Our characterization of boredom as an affective signal of low internal or external information flow integrates into existing theories that characterize boredom as a consequence of lacking agency [7], lacking attention [5], or lacking sense of meaning [59], since all three constructs implicitly depend on effective transmission of information in the brain.

Furthermore, the notion that increased state boredom can result from different coping deficits, which are themselves evoked by various psychopathological constellations, indicates the need for nuanced and specific intervention strategies to reduce boredom in mental health care.
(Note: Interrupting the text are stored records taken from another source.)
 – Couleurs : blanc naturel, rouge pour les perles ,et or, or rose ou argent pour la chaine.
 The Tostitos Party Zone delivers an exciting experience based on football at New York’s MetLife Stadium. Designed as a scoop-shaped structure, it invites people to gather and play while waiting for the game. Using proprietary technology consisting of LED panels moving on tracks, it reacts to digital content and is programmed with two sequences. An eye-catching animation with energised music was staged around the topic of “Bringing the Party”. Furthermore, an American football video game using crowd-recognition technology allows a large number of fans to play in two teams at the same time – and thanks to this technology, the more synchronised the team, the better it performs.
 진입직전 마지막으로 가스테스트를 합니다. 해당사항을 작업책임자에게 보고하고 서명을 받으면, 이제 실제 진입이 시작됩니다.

Earlier work has explored some approaches to address boredom in clinical settings, including the engagement of patients in meaningful activities [27, 28, 30], environmental enrichment [60], as well as mindfulness training [61], thereby effectively reducing patients’ state of boredom and aggression [28, 61]. In addition, a direct therapeutical addressing of boredom via psychotherapy and pharmacotherapy has been suggested [14, 30, 62]. Ideally, any therapeutic intervention to reduce boredom will comprise multiple approaches in order to target specifically the causes of boredom in a patient on an internal and environmental level [27, 30, 47]. Our results suggest that a broad range of psychiatric patients would benefit from such interventions.
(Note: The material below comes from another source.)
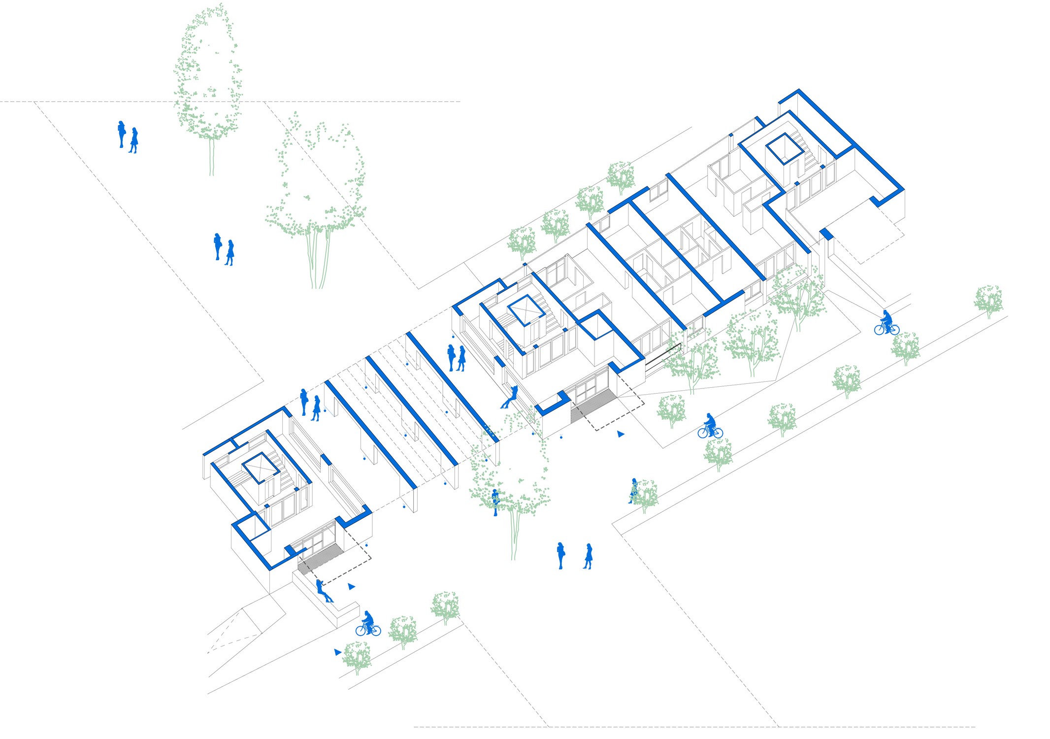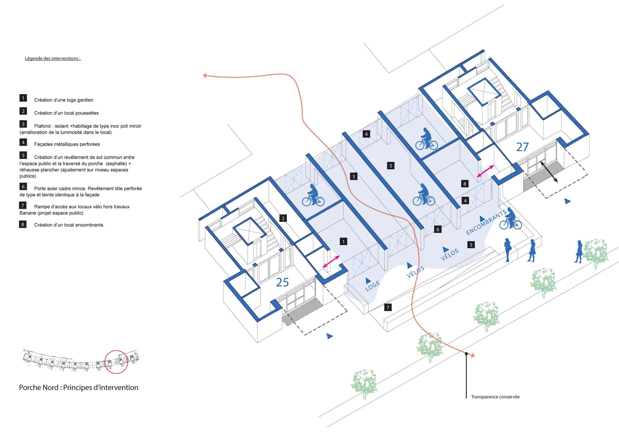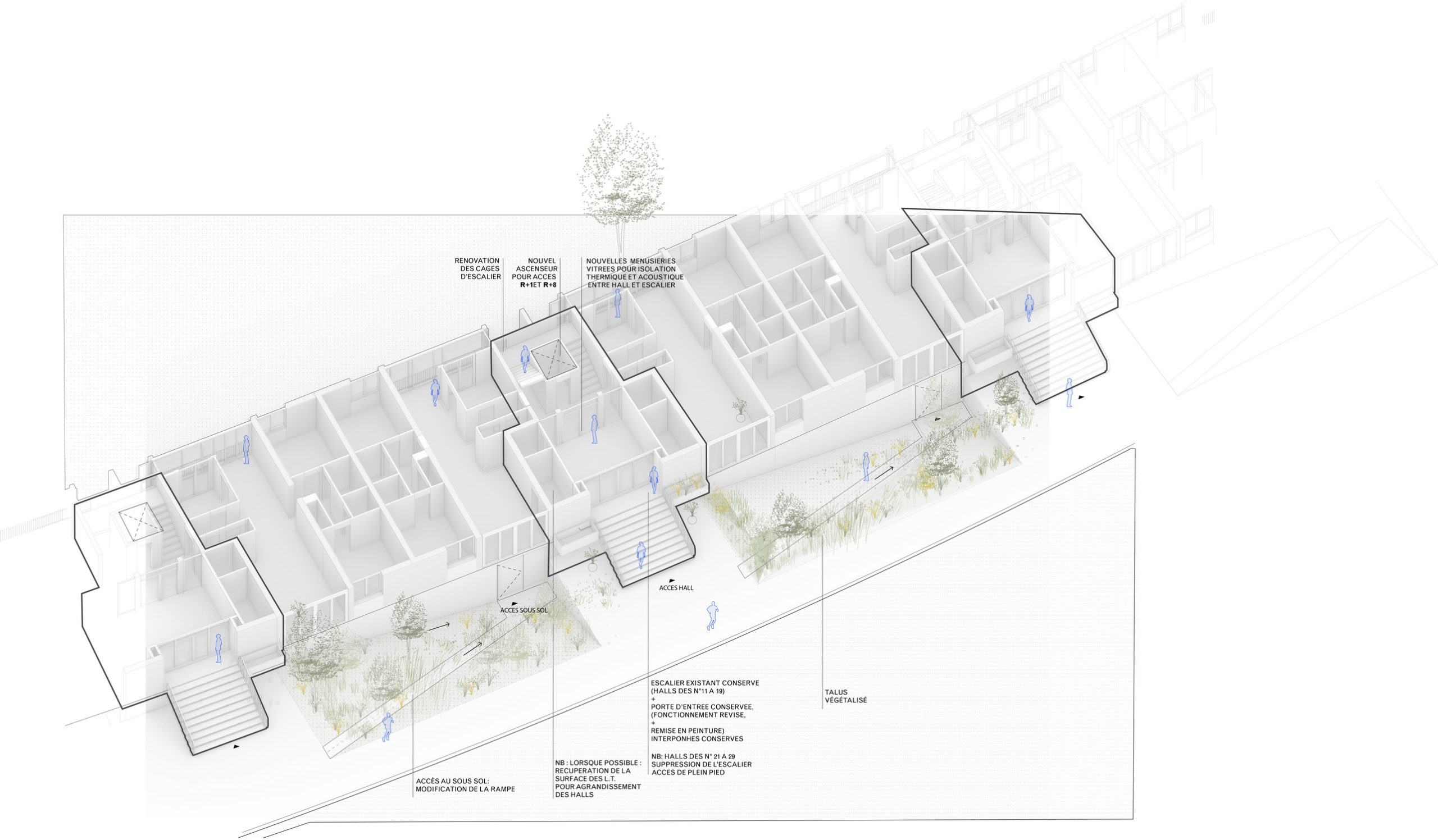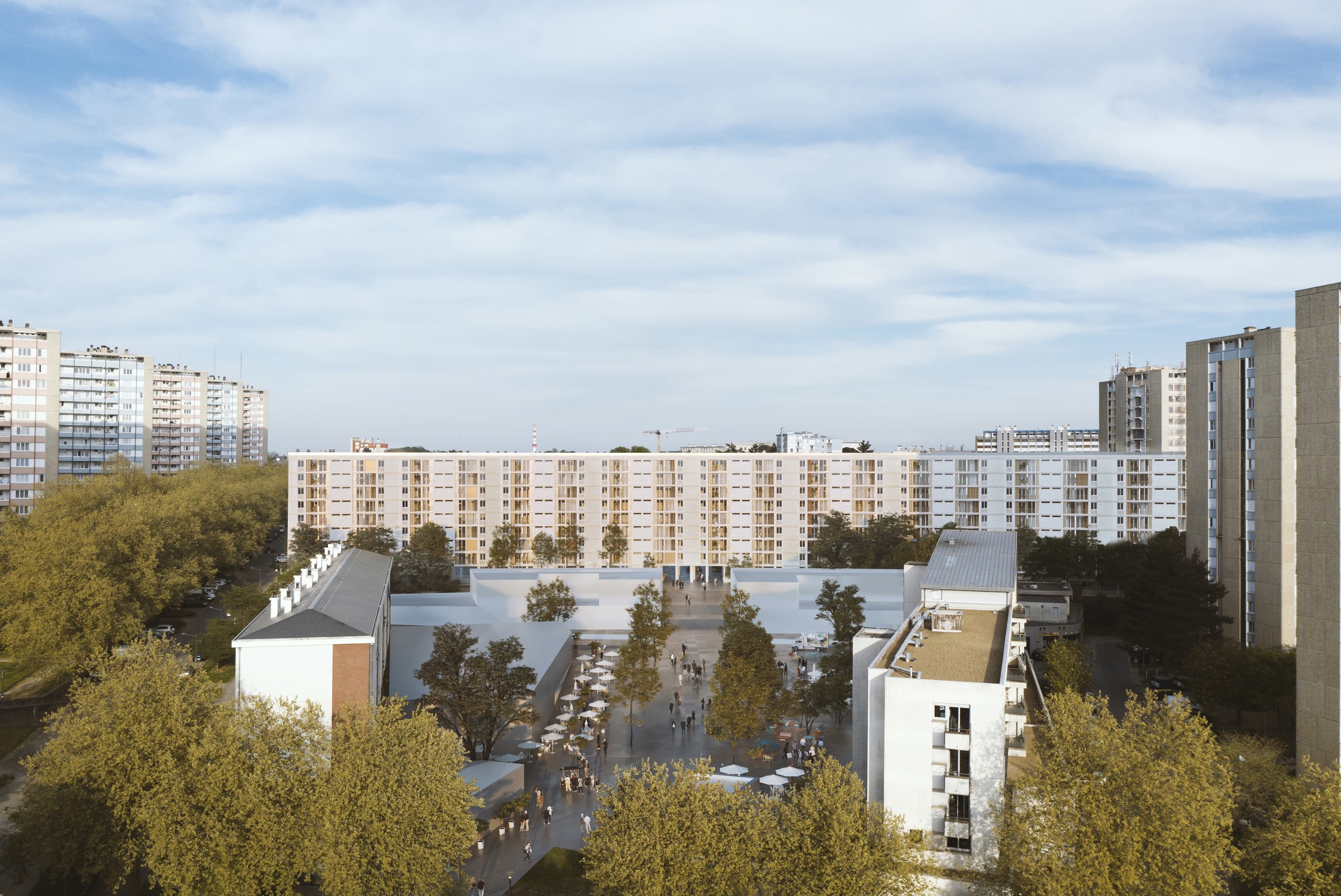 Cette réhabilitation doit répondre à un double enjeu, le premier est urbain, le second relatif à l’amélioration du cadre de vie des logements. Elle comprend l’isolation thermique et acoustique de l’ensemble des logements de l’immeuble ainsi qu’une réfection de l’ensemble des façades pour proposer une architecture sobre et élégante. Le projet intègre également l’utilisation de matériaux biosourcés dans les modes constructifs, une réduction des besoins énergétiques et une maitrise de l’impact carbone.

Taken together, we demonstrate that increased state boredom is involved in mild psychopathological symptoms in healthy humans as well as in severe psychopathology in psychiatric patients. We find that boredom is generally reduced over the course of inpatient therapy and that state boredom during therapy is predictive of therapy outcome. Thus, we identify state boredom as an important factor, intensified by various psychopathologies, that can affect and potentially complicate the treatment of mental disorders. Targeting state boredom therapeutically offers novel starting points to mitigate the burden of psychopathology in mental disorders and to improve clinical outcomes.